Après une première grande marche de 6000 kilomètres pour promouvoir les saines habitudes de vie auprès des jeunes, baptisée « Innu Meshkenu » (chemin innu), le DVollant a créé Puamun Meshkenu pour inciter les membres des communautés à tracer leur propre chemin de « rêve » (puamun, en innu). C’est cet organisme qui a orchestré, à l’occasion de la visite papale l’été dernier, la Grande marche pour la guérison, à laquelle les non-Autochtones étaient invités à se joindre pour le dernier kilomètre.

« Moi, mon rêve, c’est qu’un jour, les Autochtones puissent se dire paritaires, égalitaires, au reste des Québécois », confie le DVollant aux jeunes Autochtones qu’il rencontre.

Dans le cadre de sa maîtrise en arts visuels et médiatiques, obtenue en 2018, Stanley Février a voulu connaître le nombre d’artistes québécois noirs dont le Musée d’art contemporain (MAC) de Montréal avait acheté les œuvres au cours des 50 années précédentes. Cette institution créée par Québec en comptait alors un seul (Russell T. Gordon, mort en 2013).

PHOTO MARTIN TREMBLAY, LA PRESSE

Stanley Février

Devant cet état de fait, M. Février a créé le « MAC invisible », un site web ressemblant à celui du MAC qui donne à voir des œuvres d’artistes issus des communautés culturelles et des Premières Nations, dont il est le directeur général et conservateur en chef. C’est le rôle qu’il a de nouveau assumé l’été dernier au Musée des beaux-arts de Montréal, avec son exposition intitulée MAADI (Musée d’art actuel/Département des invisibles), dans laquelle il a exposé les œuvres d’artistes de diverses origines culturelles qu’il a lui-même acquises au cours des dernières années.

« Pour transformer le milieu, j’ai dû moi-même prendre du pouvoir. Le MAADI est devenu un exemple de nouveau musée équitable. L’‟empouvoirement” des communautés, c’est ça qui va amener une justice et un équilibre », explique M. Février.

Un long combat

Même s’ils ont le vent dans les voiles, les deux Stanley ne sont pas dupes : cette justice à laquelle ils aspirent pour tous est loin d’être gagnée.

Je ne pense pas que dans un ou deux ans, on soit à égalité, à parité. Ce jour-là, je ne pense pas le voir de mon vivant. J’espère que mes enfants et petits-enfants le verront », dit le Dr Vollant.

« Avant, on était des artistes immigrants, immigrés, des minorités visibles, et aujourd’hui, on est devenus des artistes de la diversité », rappelle M. Février. Il réclame une véritable « transformation structurelle » sans quoi, « en 2032, une autre journaliste va faire le même genre d’article », sur les mêmes enjeux.

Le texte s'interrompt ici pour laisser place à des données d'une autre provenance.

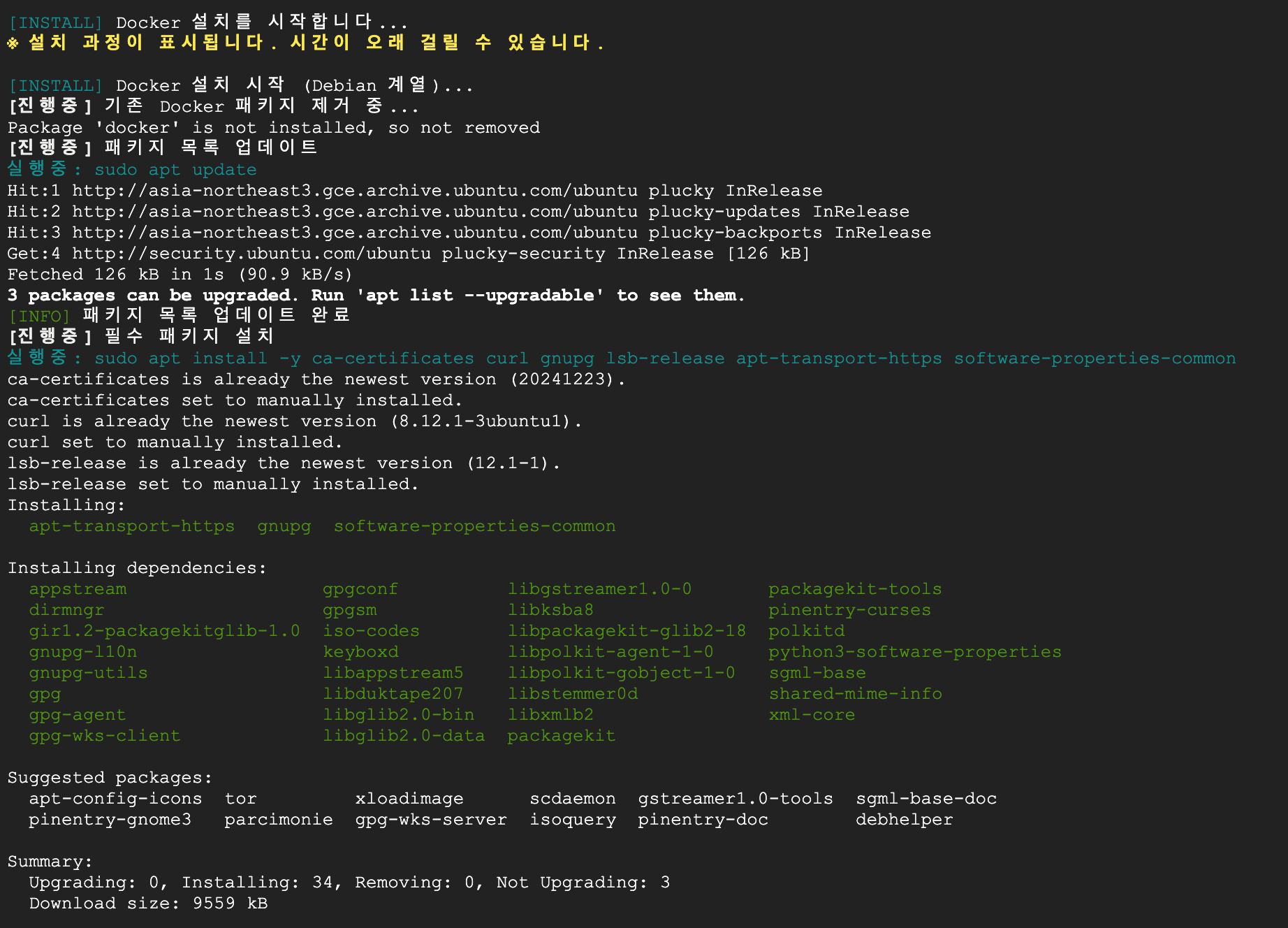 echo "Docker가 없으면 자동으로 설치할 수 있습니다."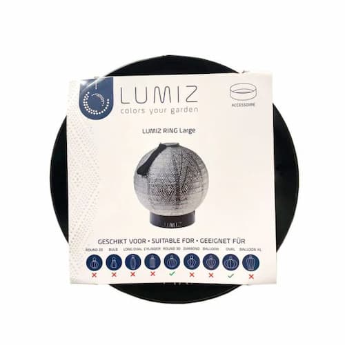 Met de LUMIZ Metal Ring Large kun je jouw LUMIZ lampion ook als staande lamp gebruiken. Heb jij in de tuin mooie LUMIZ lampionnen hangen maar mis je nog een mooie sfeervolle lamp op tafel? Met de LUMIZ Metal Ring Large kun je van jouw LUMIZ lampion een mooie tafellamp maken. Ook als staande lamp komt het schaduwpatroon van mooi tot zijn recht op het tafelblad.

Deux ans après la mort de Joyce Echaquan, et peu de temps après l’arrestation d’un citoyen montréalais noir soupçonné d’avoir volé son propre véhicule, le chirurgien et l’artiste n’ont pas attendu qu’on leur pose la question pour évoquer le racisme systémique.

Dire qu’il n’y a pas de racisme systémique, c’est souffrir de cécité. C’est vraiment être profondément ignorant et ne pas vouloir regarder la réalité.

Stanley Février

« Malgré ce que certains politiciens pensent, il existe, je l’ai vécu et senti dans ma peau. J’ai dû me battre pour me défendre quand j’étais jeune », témoigne le médecin innu, en rappelant que les Autochtones sont encore surreprésentés parmi les sans-abri et les prisonniers.

Il se dit néanmoins ouvert à un compromis. Si Québec ne veut pas nommer cet éléphant dans la pièce, « qu’il l’appelle pachyderme de deux tonnes à grandes oreilles et qu’il fasse un trou pour le sortir ».

S’exprimant tous deux d’une voix posée, les deux Stanley préfèrent l’action concrète aux déclarations incendiaires.

« Je ne dénonce pas, je vous énonce des faits. Je fais l’état des lieux », souligne M. Février, pour qui l’art est un moyen de transformation sociale. « Je crée des ‟espaces de devenir” auxquels le visiteur prend part. Ce sont des excuses pour aller à la rencontre de l’autre. »

C’est sûr que ça peut prendre plus de temps, mais si on apprend à se connaître et à collaborer, je pense qu’on peut réaliser de grandes choses.

Stanley Vollant

Une attitude appréciée des lecteurs qui ont proposé leur candidature.

En plus d’aborder des enjeux de société difficiles, comme la mort de George Floyd, Stanley Février amène « une révolution positive », nous a écrit An-Lap Vo-Dignard. « Non seulement il a réussi avec persévérance à faire ouvrir des portes qui étaient auparavant fermées, mais il partage son succès et rayonnement en tirant avec lui d’autres artistes issus de la diversité. »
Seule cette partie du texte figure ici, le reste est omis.